→ **YOUR OBJECTIVE**: Give back every line of the material below exactly, but no images.
*** INFORMATION SHOWN ***
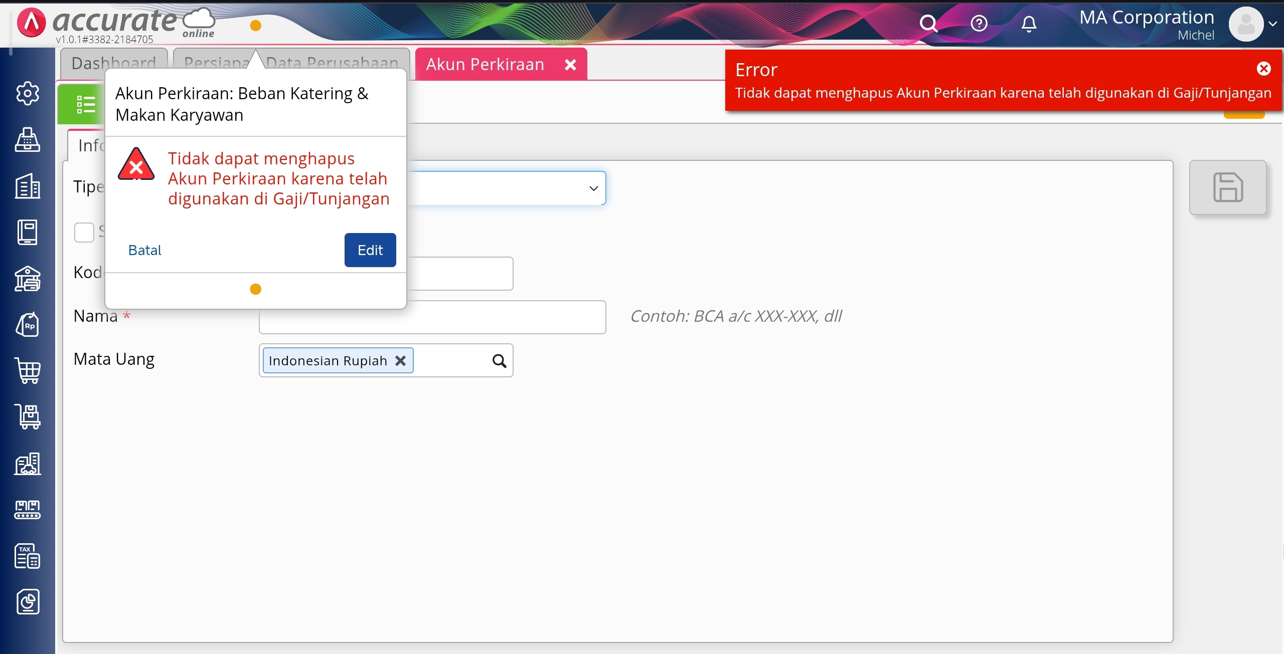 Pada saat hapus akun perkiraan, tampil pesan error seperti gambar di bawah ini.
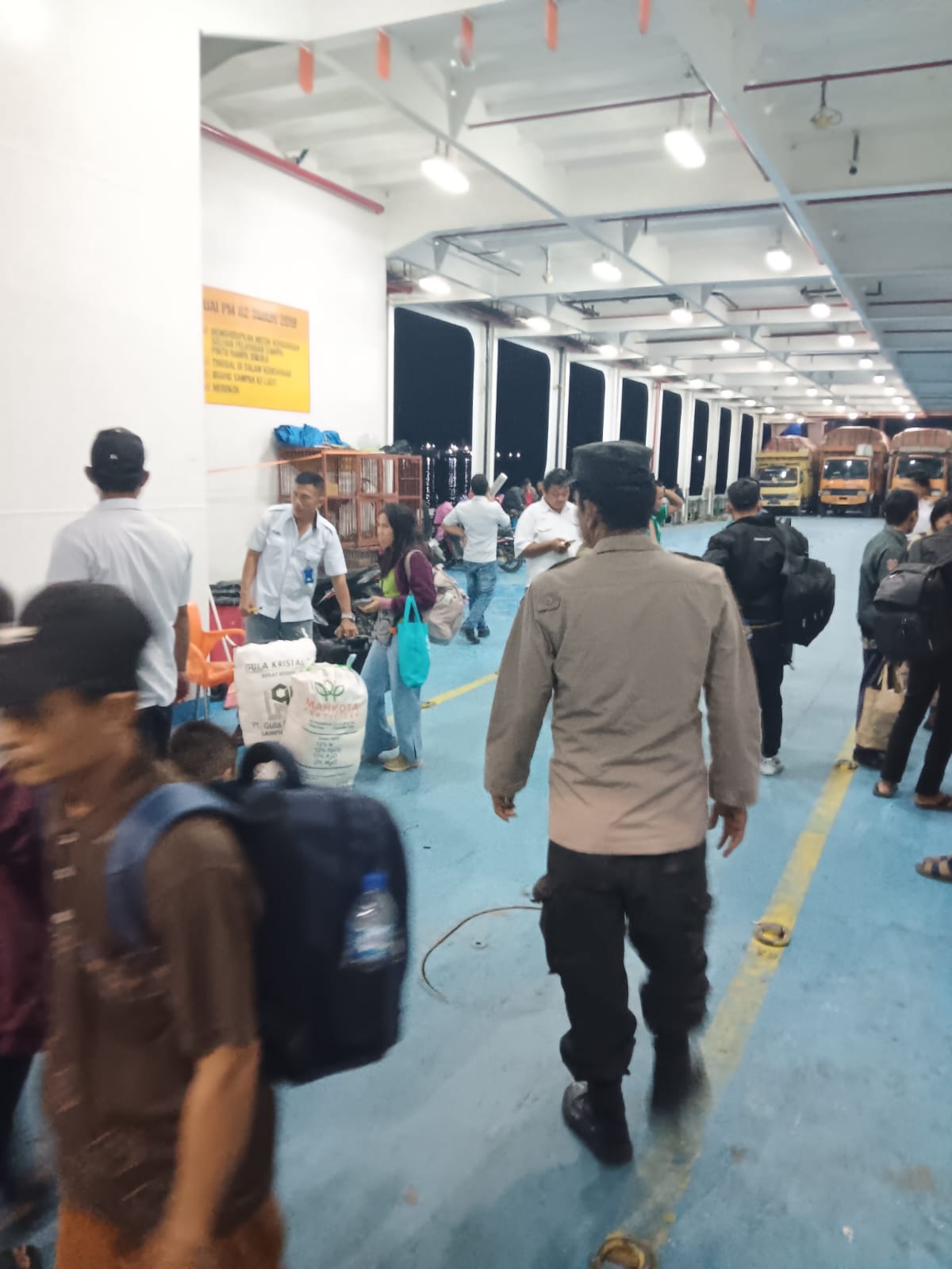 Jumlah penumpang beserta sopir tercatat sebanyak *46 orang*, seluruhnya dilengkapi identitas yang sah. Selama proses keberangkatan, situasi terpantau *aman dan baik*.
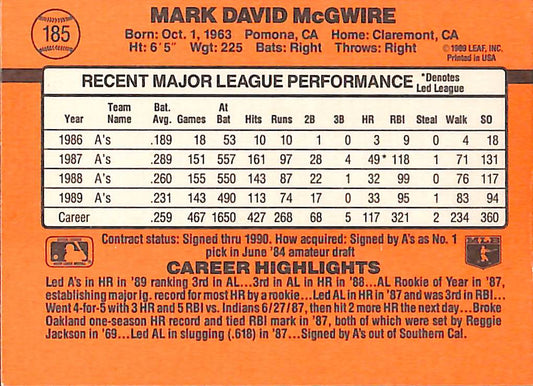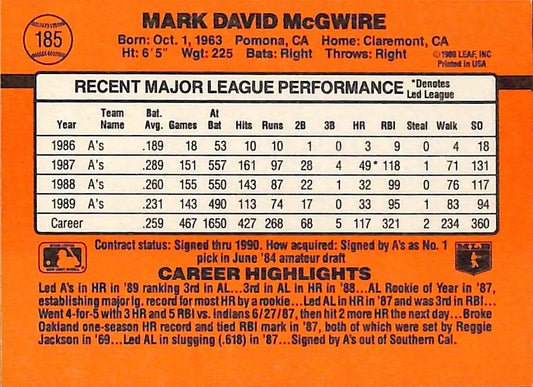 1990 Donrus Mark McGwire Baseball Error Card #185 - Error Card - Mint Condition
*** End of INFORMATION SHOWN ***
→ **OUTPUT FOR THIS TASK**:
 Pada saat hapus akun perkiraan, tampil pesan error seperti gambar di bawah ini.
 Jumlah penumpang beserta sopir tercatat sebanyak *46 orang*, seluruhnya dilengkapi identitas yang sah. Selama proses keberangkatan, situasi terpantau *aman dan baik*.
 1990 Donrus Mark McGwire Baseball Error Card #185 - Error Card - Mint Condition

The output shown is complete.